Specify exactly 2 symbols:
Can any of the company-specific risk be diversified away by investing in both Rocky Brands and National CineMedia at the same time? Although using a correlation coefficient on its own may not help to predict future stock returns, this module helps to understand the diversifiable risk of combining Rocky Brands and National CineMedia into the same portfolio, which is an essential part of the fundamental portfolio management process.
By analyzing existing cross correlation between Rocky Brands and National CineMedia, you can compare the effects of market volatilities on Rocky Brands and National CineMedia and check how they will diversify away market risk if combined in the same portfolio for a given time horizon. You can also utilize pair trading strategies of matching a long position in Rocky Brands with a short position of National CineMedia. Check out your portfolio center. Please also check ongoing floating volatility patterns of Rocky Brands and National CineMedia.

Diversification Opportunities for Rocky Brands and National CineMedia

0.23
  Correlation Coefficient

Modest diversification

The 3 months correlation between Rocky and National is 0.23. Overlapping area represents the amount of risk that can be diversified away by holding Rocky Brands and National CineMedia in the same portfolio, assuming nothing else is changed. The correlation between historical prices or returns on National CineMedia and Rocky Brands is a relative statistical measure of the degree to which these equity instruments tend to move together. The correlation coefficient measures the extent to which returns on Rocky Brands are associated (or correlated) with National CineMedia. Values of the correlation coefficient range from -1 to +1, where. The correlation of zero (0) is possible when the price movement of National CineMedia has no effect on the direction of Rocky Brands i.e., Rocky Brands and National CineMedia go up and down completely randomly.
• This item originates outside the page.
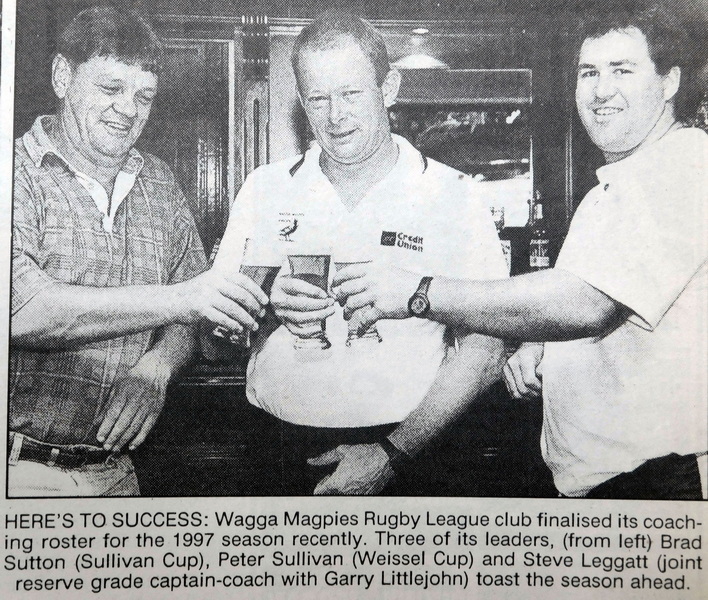 - Magpies’ officials re-signed Steve Quinn as their senior coach with reserve grade duties to be shared by Garry Littlejohn and Steve Leggatt and Peter Sullivan to guide the club’s Weissel Cup challenge.

Pair Corralation between Rocky Brands and National CineMedia

Given the investment horizon of 90 days Rocky Brands is expected to generate 0.75 times more return on investment than National CineMedia. However, Rocky Brands is 1.34 times less risky than National CineMedia. It trades about 0.24 of its potential returns per unit of risk. National CineMedia is currently generating about 0.06 per unit of risk. If you would invest  2,339  in Rocky Brands on October 26, 2024 and sell it today you would earn a total of  228.50  from holding Rocky Brands or generate 9.77% return on investment over 90 days.
Time Period3 Months [change]
DirectionMoves Together 
StrengthVery Weak
Accuracy100.0%
ValuesDaily Returns

Rocky Brands  vs.  National CineMedia

 Performance 
       Timeline  
Rocky Brands 

Risk-Adjusted Performance

0 of 100

 
Weak
 
Strong
Very Weak
Over the last 90 days Rocky Brands has generated negative risk-adjusted returns adding no value to investors with long positions. In spite of fairly strong forward-looking signals, Rocky Brands is not utilizing all of its potentials. The current stock price disturbance, may contribute to short-term losses for the investors.
National CineMedia 

Risk-Adjusted Performance

0 of 100

 
Weak
 
Strong
Very Weak
Over the last 90 days National CineMedia has generated negative risk-adjusted returns adding no value to investors with long positions. Despite fairly strong primary indicators, National CineMedia is not utilizing all of its potentials. The latest stock price confusion, may contribute to short-horizon losses for the traders.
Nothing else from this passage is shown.